The EU is taking unilateral measures to stimulate investment in the region, continuing to promote EU bonds, translated into loans for needy EU member states. By far the largest component is the European Financial Stabilisation Mechanism (EFSM), of which €48.5bn of a total €60bn is already promised to Ireland and Portugal. In a presentation to potential investors on August 28, the European Commission reiterated this commitment, stating: “Investors in EU bonds are ultimately exposed to the credit risk of the EU, not to that of the beneficiaries of loans funded.”

Eurozone countries offer their own stimulus packages to potential investors. Germany offers generous research and development rates, which can reach 50 percent of project costs. It allocates an annual budget of €4bn to the grant, which aims particularly to encourage projects in fuel cell development and life sciences. National organisation ‘Germany Trade and Invest’ provides a directory of state development agencies, and supports investors by pre-selecting sites tailored to investment project needs. Up to 20 percent of the project costs are deductible against tax, dependent on its size and start time.

Uptake of these opportunities by SMEs is not difficult to gauge, though their continued success in a difficult economic climate is not assured. Germany has hosted 521 new projects in the past 12 months; Italy just 107. Spain has forced through numerous reforms to reduce structural rigidity and has hosted 256 projects in the past 12 months. Its favourite sectors are biotechnology, where it offers subsidies and public credit for R&D. Its tax credit on research investment can be as high as 30 percent of total annual expenditure on research activities, with €100m of the annual budget. To entice back Spanish companies who have outsourced, it has a special fiscal framework for impatriates of 24 percent, and further generous R&D incentives.

Still, those companies who are proving most successful are those who have enacted their own corporate funding initiatives. Spanish cement company Cementos Portland Valderrivas was almost compelled to sell a part of the company to fund its €1.53bn in bank debt, after a disappointing 2011 loss of €326m. The Spanish real estate sector has hit a brick wall regarding new construction projects; cement consumption has fallen two-thirds since 2007. It negotiated a complicated deal with US group Blackstone. Cementos Portland’s US subsidiary provided the security for a six-year bond, with a 10 percent yield which it sold to Blackstone Group.
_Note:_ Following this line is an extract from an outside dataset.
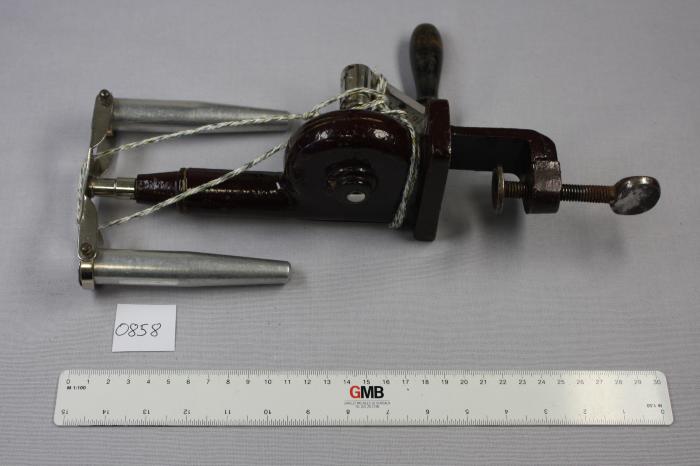 Centrifugeuse manuelle en fonte peinte en rouge, avec support pour 2 éprouvettes en fer blanc.

After six years, Blackstone will also receive a portion of Cementos Portland US’ net returns. By mortgaging its US business, it gained enough cash upfront to pay off its Spanish bank debt to €1.1bn.

In Berlin, automobile company Volkswagen is taking advantage of increased demand for secure alternatives to government bonds, by offering just a 2.375 percent yield on its 10-year bonds. This is an improvement on its 2015 bonds, which gave just 2.125 percent when issued in January. This enables it to undercut its competitors in the price of its cars. It can charge up to eight percent less than its peers Peugeot and Renault. It has now cornered 24 percent of the European market – more than those two combined. Industrial group Thyssenkrupp took the more traditional route of selling assets and introducing shorter working hours, to cut costs in line with a 21 percent drop in orders. It then felt able to forecast a “medium three-digit million euro sum” for fiscal year 2012.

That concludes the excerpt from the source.